Computer modeling and human behaviour diverge the moment that the fire alarm sounds. The fire safety designers may assume that patrons will immediately head for a designated fire exit. However, human psychology is likely to delay any response because many people will assume it’s a false alarm, or wait for further instruction from someone in a position of authority.

Further complicating matters is that people will generally finish what they’re doing. If they’re on a concourse buying food, they’ll often complete that purchase before deciding whether to evacuate. The most compelling example of this, although not stadium-related, was during the Kings Cross railway station fire in London in 1987, which killed 31 people.

In that tragedy, many passengers stepped over fire hoses to reach elevators taking them underground for their trains. That’s what they were at Kings Cross to do, and a seemingly innocuous fire wasn’t going to stop them. In the retail sector, research suggests that people would rather first go to the checkout to purchase goods rather than immediately evacuate the building.

More specific to stadiums, patrons will often seek to reunite with family members or friends. For example, if one family member is away from their seat when an alarm sounds – perhaps that same patron buying food on a concourse – they will often go back to their seat to find others in their party before making any decision to evacuate.

It adds up to a delayed flight time that the stadium’s design and evacuation procedures must address. In buildings research, as much as two-thirds of the time it takes people to exit a building after an alarm is start-up time – time wasted in looking for more information, or not taking the alarm seriously. Stadiums do, of course, have the advantage of having PA systems and a scoreboard on which information can be posted. However, human psychology is also at work, and the passive fire measures employed in the stadium’s design must also factor in a delayed evacuation response.

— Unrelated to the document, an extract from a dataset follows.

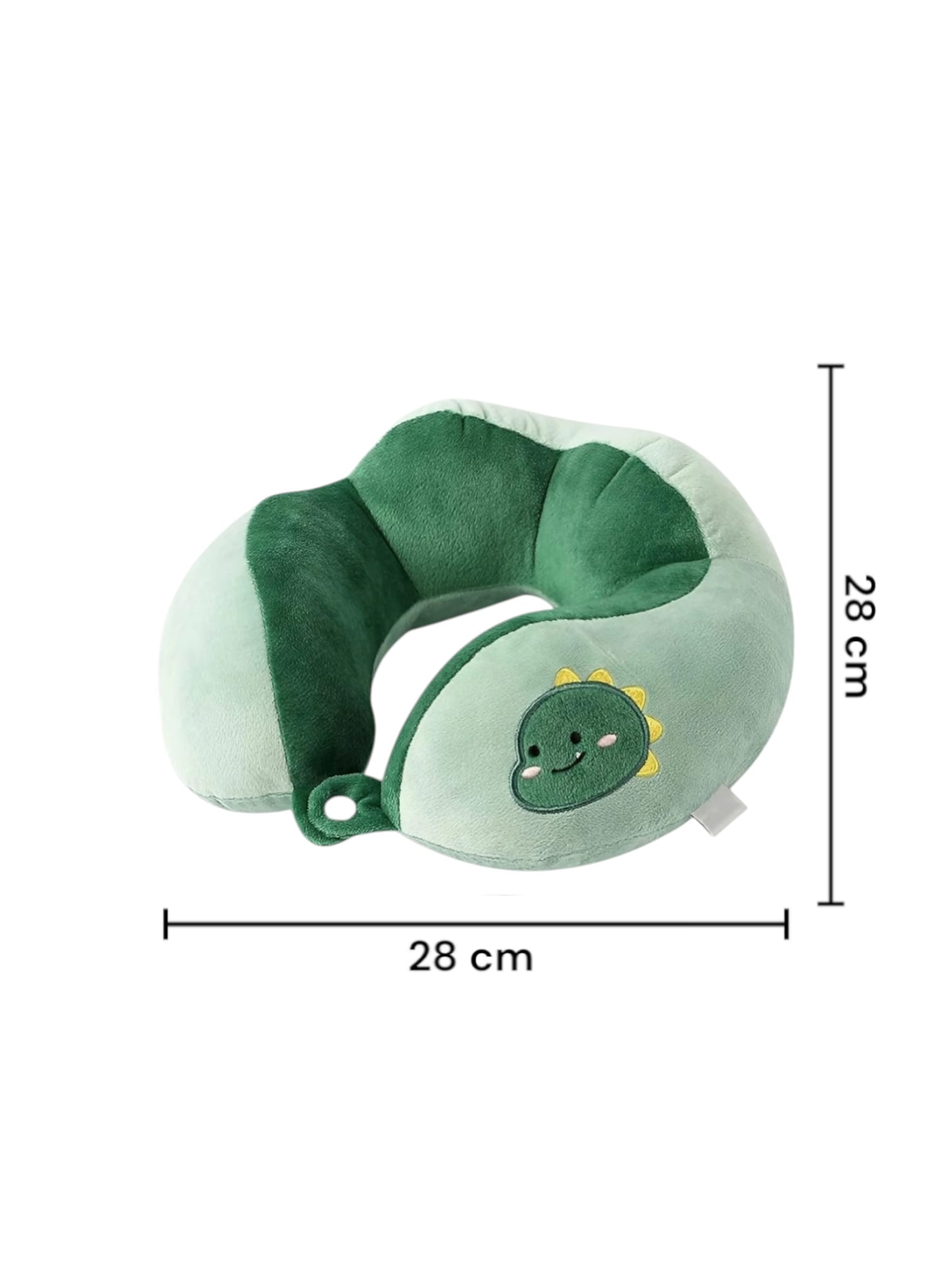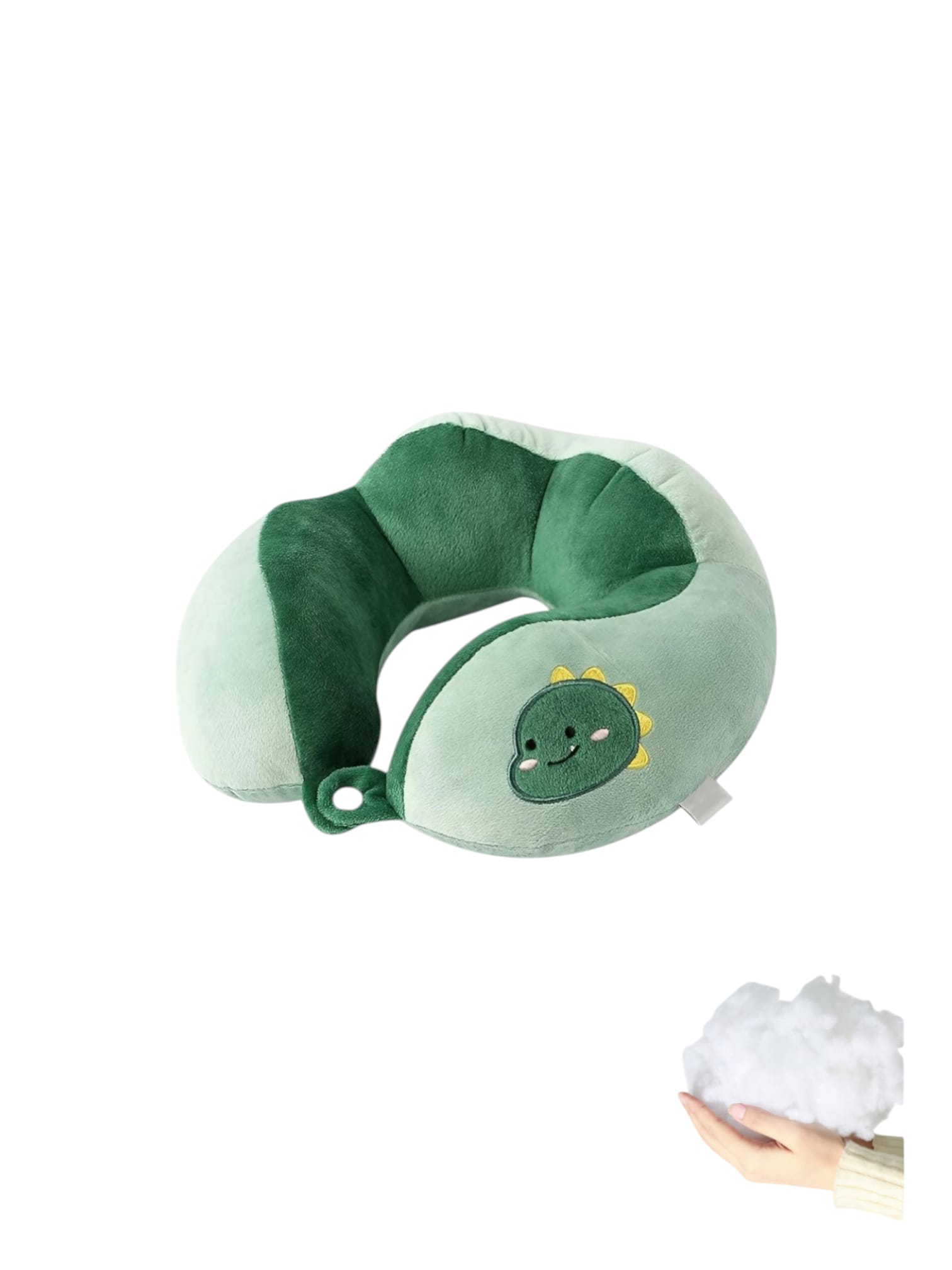 ✅Perna de Calatorie pentru Gat, Umplutura cu Bumbac, Model Brodat Dinozaur, Verde - Perna de voiaj umpluta cu bumbac, compacta si practica, ideala pentru sustinerea gatului in timpul calatoriilor lungi cu masina, avionul sau pentru momentele de odihna la birou. Sistemul de prindere este pe baza de capse, usor de fixat in jurul gatului.

That’s why modern steel glazing systems are so important, either for the exterior envelope of the stadium or for internal screens and fire doors. With advanced glazing systems able to provide up to 120 minutes of protection against the spread of fire, smoke or toxic gases, they have become an integral part of modern stadium design, giving people more than enough time to evacuate and protecting escape routes along the way. Those escape routes become more significant for the elderly, infirm or disabled, who will typically need more time to evacuate.

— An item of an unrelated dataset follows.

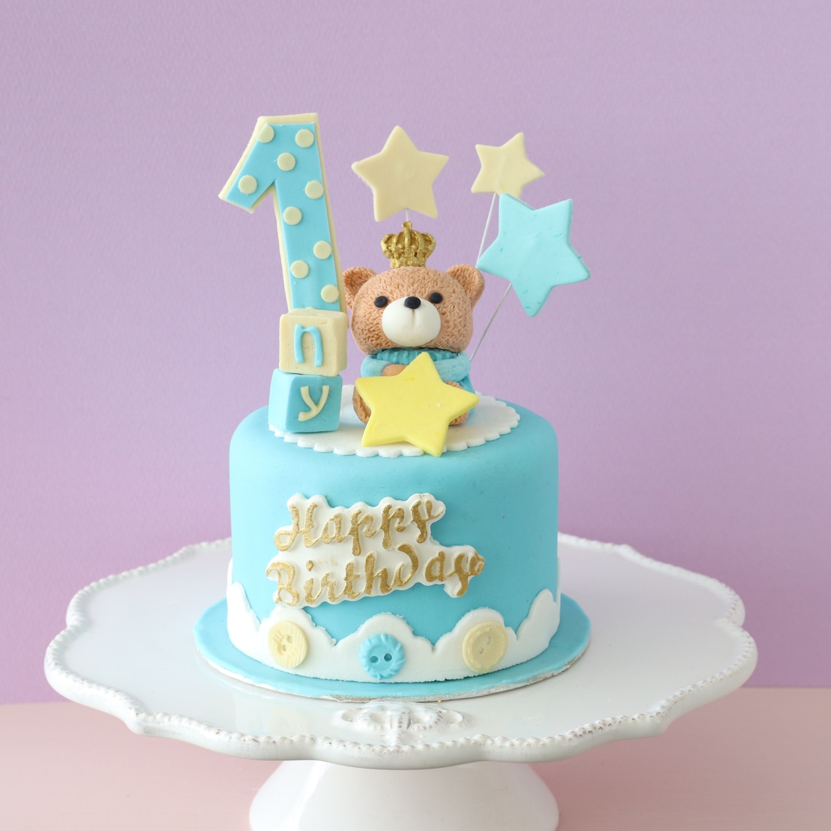 バースデーケーキに、2段のブルーナッペケーキでご指定のイラストと立体をトッピング大阪市東住吉区パティスリーデコ。

However, one word of caution: In many instances, untested combinations of glass and frame are still being specified separately – despite the fact that, in a fire situation, the glass will only be as good as its framing system, and vice versa. Insisting on tested, and therefore proven, compatibility, and specifying it as a requirement of the tendering process, should be a matter of course.

Stadium design has come a long way in the past few decades, driven by new regulations to deliver a new generation of safer stadiums. But it’s also a tragedy that it’s taken catastrophe to make it happen.